- Born: circa 1758, Cherokee Nation East
- Died: 1 March 1840, Going Snake District, Cherokee Nation (Adair County, Oklahoma)
- Other name: I-na-du-na-i
- Occupation: Cherokee political leader
- Known for: Speaker of National Council, orator

= Goingsnake =

18th-century Cherokee political leader

Goingsnake (c. 1758 – March 1, 1840, also spelled Going Snake; ᎢᎾᏚᎾᎢ) was a respected warrior, gifted orator, and prominent political leader of the Cherokee Nation. He was born in the vicinity of present-day Nottely Lake (created as a Tennessee Valley Authority (TVA) project in 1942), Georgia, then part of the large Cherokee territory.

When the Cherokee were forced to cede their land and were removed by United States forces from their homeland in the Southeastern United States, Goingsnake, then 80 years old, accompanied them on the Trail of Tears in 1838. He built a new home in Indian Territory, but died soon after the removal. His death date is unknown. The Cherokee Nation celebrated his memory by naming one of its political subdivisions in 1840 as Goingsnake District.

== Life ==
Goingsnake became a prominent Cherokee leader, initially serving as a town chief in what was called "Goingsnake's Town." In 1808 he became the representative in the National Council for the Amohee District (located in present-day Polk County, Tennessee in the southeastern part of the state). Goingsnake was elected in 1827 as Speaker of the National Council, serving under John Ross as Chief. Goingsnake developed the reputation of being one of Ross's "right hand men".

Goingsnake was among the 700 Cherokee warriors who fought with General Andrew Jackson in 1814 against the Creeks in the Battle of Horseshoe Bend.

Under the direction of General Winfield Scott, the army was responsible for the forced removals of the Cherokee known as the Trail of Tears. The initial results were so disastrous that Cherokee leaders, including Goingsnake, successfully petitioned Scott for delays and to allow self-leadership of future detachments. Goingsnake left with the first detachment under Cherokee leadership, which departed on September 28, 1838. Arriving in Indian Territory after a 4-month journey, Goingsnake built his cabin on Ward Branch Creek about 6 miles north of present-day Westville, Oklahoma.

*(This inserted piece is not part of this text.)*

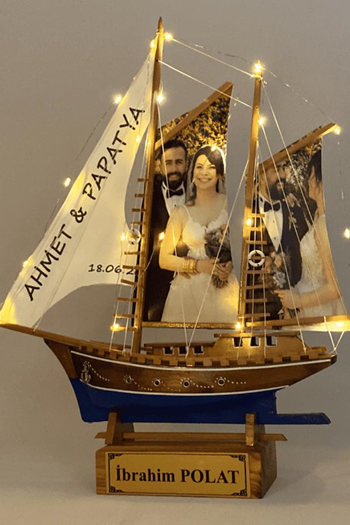 AHŞAP KAİDE (geminin alt kısmında) : Fırınlanmış ahşap malzemeden yapılmıştır. Bu alana dilerseniz isim soyisim, tarih, söz, firma adı vs yazabilirsiniz. Metal plakaya sıcak baskı yapılarak hazırlanmaktadır.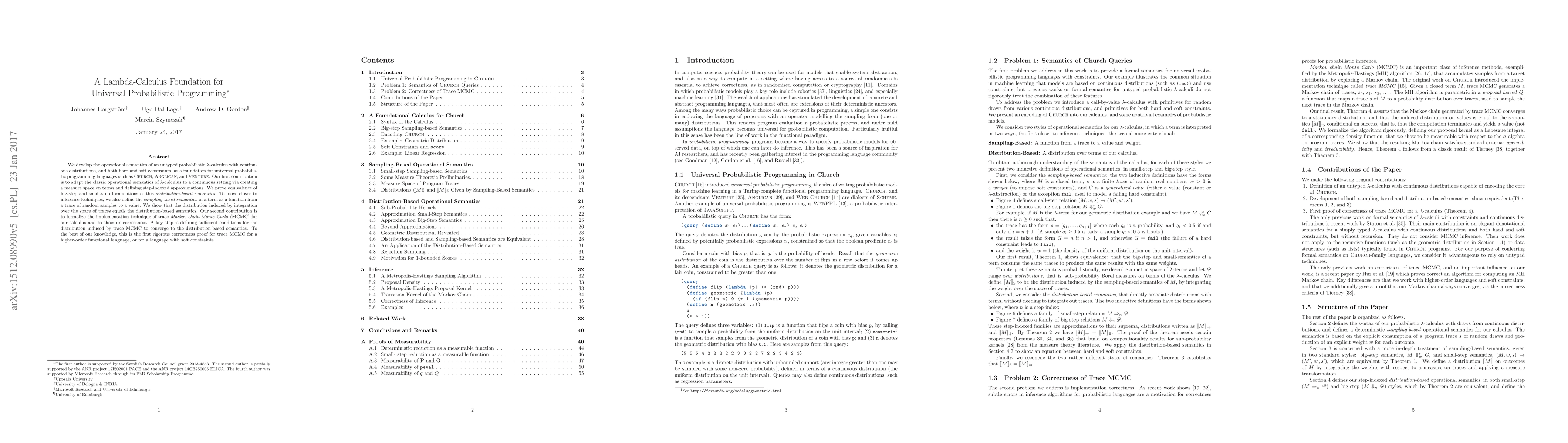This paper presents an untyped probabilistic lambda-calculus with continuous distributions, adapting classic lambda-calculus operational semantics to a continuous setting and proving equivalence between big-step and small-step formulations. It also formalizes trace MCMC implementation and proves its correctness for higher-order functional languages.

Goingsnake's last recorded political service was participation in the general convention between the eastern and western Cherokee at Tahlequah, Indian Territory on July 12, 1839. He was 81 years old at that time. Shortly thereafter, Goingsnake stepped down and a new speaker was elected.

== Recorded events ==
William Shorey Coodey, a Cherokee who was present at one of the departures on the Trail of Tears, wrote to a friend describing what he saw: "At length the word was given to move on. I glanced along the line and the form of Goingsnake, an aged and respected chief whose head eighty summers had whitened, mounted his favorite pony, passed before me and led the way in silence. At this very moment a low sound of distant thunder fell upon my ears. The sun was unclouded, and no rain fell. I almost thought it a voice of Divine indignation for the wrongs done my poor and unhappy countrymen, driven by brutal power from all they loved and cherished in the lands of their fathers to gratify the cravings of avarice."

In a petition presented to Congress and President Jackson, John Ross expressed the inadequacy of the government agent's arrangements for the July 1835 Cherokee Council meeting at Running Waters (current-day Rome, Georgia). Representatives had to sleep on the ground in close proximity to their hobbled horses. To indicate how poor the conditions were, Ross said that Goingsnake's horse got loose and stepped on his head while he slept. Although his injuries were initially thought to be serious, Goingsnake eventually recovered sufficiently to continue the meeting.

== Death and honors ==
Goingsnake died shortly after his arrival in the Indian Territory. He was buried near his cabin, and the grave site was later marked with a tombstone bearing the inscription: "Chief Goingsnake, Famous Cherokee Orator, Born 1758".

When the western Cherokee Nation established districts in 1840, the Goingsnake District (now part of Adair County, Oklahoma) was named in his honor. A street in Tahlequah, Oklahoma, the capital of the Cherokee Nation, was also named after him.